**What needs to be done:** Please give every line below again exactly, but not its pictures.

[Opening Provided material section]

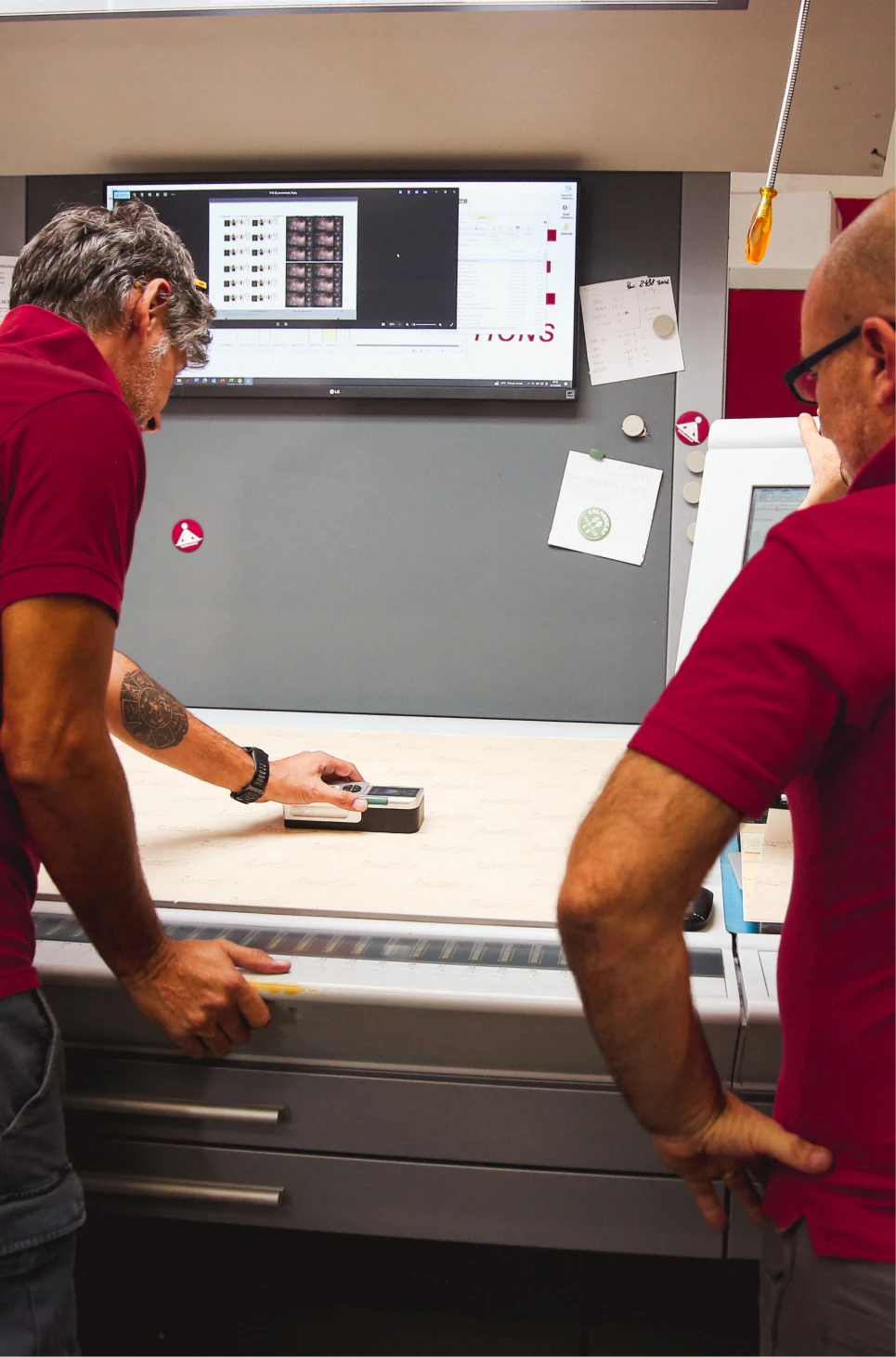 Grazie a sistemi evoluti di controllo colore e di registrazione, assicuriamo risultati perfettamente ripetibili nel tempo, in linea con gli standard del brand.
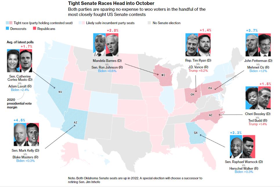 消息来源:美国参议院,截至10月12日的RealClearPolitics民意调查平均值,彭博研究 点击 这里 听昨天的Twitter Space,记者们讨论了周一俄罗斯对乌克兰入侵进行导弹袭击后的最新情况。如果你喜欢这份通讯,请点击 这里 注册Balance of Power。
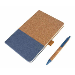 BORSA – eco-neutral A5 Cork Fabric Hard Cover Notebook and Pen Set – Blue
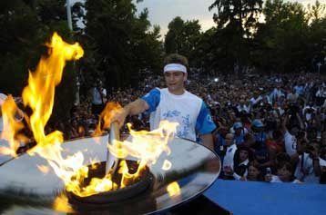 Ο «αργυρός» Ολυμπιονίκης του Σίδνεϊ άναψε τον Βωμό στην πλατεία Ελευθερίας των Σερρών, παρουσία του πρωταθλητή Ευρώπης στο ποδόσφαιρο. Και οι δυο βραβεύθηκαν, όπως και ο τέταρτος Ολυμπιονίκης του Λος Αντζελες στην άρση βαρών, Ιωάννης Τζιντζάρης.
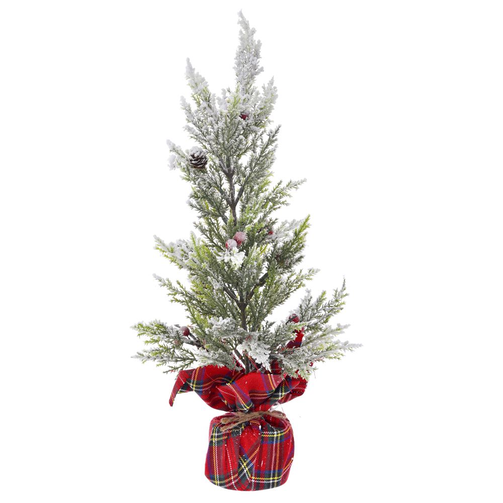 Χριστουγεννιάτικο χιονισμένο δενδράκι, διαθέτει κόκκινο καρό ύφασμα στην βάση.
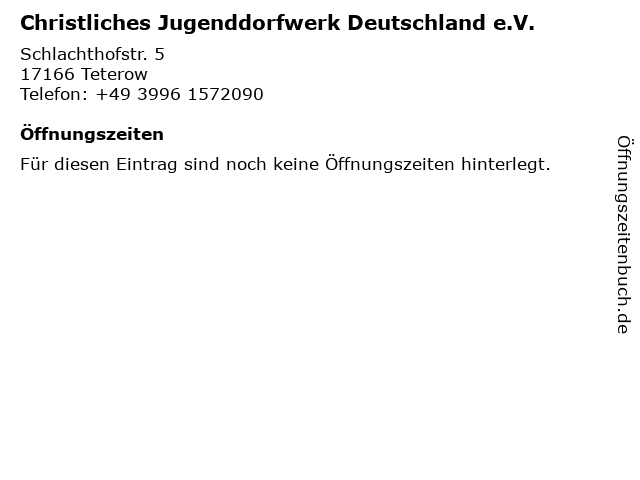 | Christliches Jugenddorfwerk Deutschland e.V. anrufen | |

[Closing Provided material section]

**Solution to the problem:**
 Grazie a sistemi evoluti di controllo colore e di registrazione, assicuriamo risultati perfettamente ripetibili nel tempo, in linea con gli standard del brand.
 消息来源:美国参议院,截至10月12日的RealClearPolitics民意调查平均值,彭博研究 点击 这里 听昨天的Twitter Space,记者们讨论了周一俄罗斯对乌克兰入侵进行导弹袭击后的最新情况。如果你喜欢这份通讯,请点击 这里 注册Balance of Power。
 BORSA – eco-neutral A5 Cork Fabric Hard Cover Notebook and Pen Set – Blue
 Ο «αργυρός» Ολυμπιονίκης του Σίδνεϊ άναψε τον Βωμό στην πλατεία Ελευθερίας των Σερρών, παρουσία του πρωταθλητή Ευρώπης στο ποδόσφαιρο. Και οι δυο βραβεύθηκαν, όπως και ο τέταρτος Ολυμπιονίκης του Λος Αντζελες στην άρση βαρών, Ιωάννης Τζιντζάρης.
 Χριστουγεννιάτικο χιονισμένο δενδράκι, διαθέτει κόκκινο καρό ύφασμα στην βάση.
 | Christliches Jugenddorfwerk Deutschland e.V. anrufen | |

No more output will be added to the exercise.